Lately, I’ve been getting a whole lot of what I asked for. You know how I’m always running my mouth about change and transformation? Newsflash: it’s a whole lot more comfortable to talk about it than it is to actually walk through it.
The past year has been brought so many incredible new things into my life. I’m not the same person now; that I can assure you. The year has been one of incredible growth and glorious solitude and it’s rapidly drawing to a close. The first week of April marks a year since I moved into this lovely and quirky house. It has been a fine companion and I’m already mourning the loss. I sit this morning surrounded by boxes of books and piles of art. Is it significant that these are the first objects I pack? That when I think of losing all of my possessions in a fire, these are some of the first things I think of? Probably. They are my heart. They have kept me company, pushed me in new directions, and given me solace.
I moved here with goals that sound simple on the surface, but which are in actuality exceedingly difficult:
Find my center. Seek myself. Learn silence. Create beautiful things. Stitch my life back together again. Just be. Let the silt settle around my toes. Hear the quiet voices.

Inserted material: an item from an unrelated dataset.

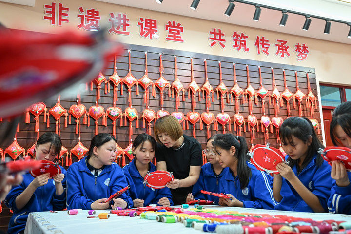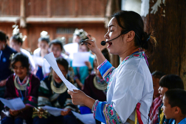 2025年9月26日,內(nèi)蒙古興安盟科右中旗巴彥呼舒第六中學(xué)美術(shù)教師、非遺代表性傳承人吳斯琴(左四)指導(dǎo)學(xué)生刺繡。近年來(lái),內(nèi)蒙古興安盟科爾沁右翼中旗巴彥呼舒第六中學(xué)將當(dāng)?shù)貒?guó)家級(jí)非遺圖什業(yè)圖刺繡引入校園,開(kāi)設(shè)校本課程,并成立興趣社團(tuán),在豐富校園文化生活的同時(shí),讓學(xué)生們近距離感受非遺的魅力,弘揚(yáng)和傳承中華優(yōu)秀傳統(tǒng)文化。隨著國(guó)產(chǎn)動(dòng)畫電影《哪吒之魔童鬧海》不斷刷新中國(guó)影史票房紀(jì)錄,參與電影配樂(lè)的貴州省榕江縣三寶侗寨的楊想妮和“舞樂(lè)蟬歌”團(tuán)隊(duì)為更多人所熟知。樂(lè)團(tuán)成員懷揣“用音樂(lè)傳遞侗族文化,讓世界聽(tīng)見(jiàn)侗族大歌”的共同夢(mèng)想,將侗族大歌推向更廣闊的舞臺(tái)。這是2025年4月22日,楊想妮在貴州省黎平縣肇興鎮(zhèn)廈格侗寨教前來(lái)研學(xué)的孩子們唱侗歌。
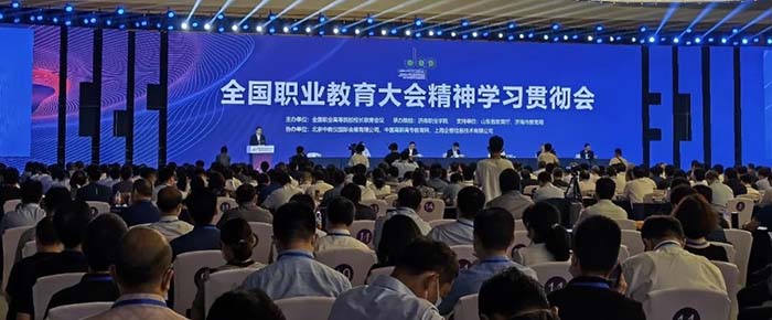 5月21日,2021年全國職業高等院校校長聯席會議在濟南召開全國職業教育大會精神學習貫徹會,教育部職業教育與成人教育司、山東省教育廳、濟南市委領導出席大會開幕式,來自全國數百所高職院校領導參加本次會議。期間,2021年全國職業教育科技創新成果與智能實訓裝備技術展覽會于5月20日至22日在山東國際會展中心舉辦,華中數控在本次展會上展出了系列智能制造人才培養方案和產品。

In many ways, I’ve accomplished these things but I understand now that I’ll never be completely finished with this crusade. It turns out that these things are the real work of my life. That the career is just fluff. That every time I think I’ve grown strong enough or open enough, something new will drift into my life and teach me another important lesson.
Right now I’m learning the lesson that sometimes one must go backwards in order to move ahead. That if you just slam the door on certain phases of your life, you may be required to go back, take a seat, and hold some space for that person that you were. Loop back and say goodbye properly. It’s hard because I’m not one to turn back or slow down, but I think this is as it must be. And it is beautiful.
Today, I welcome the new adventures coming my way and I embrace the old Robin as gently as possible so that when it’s time to let go, I’m ready.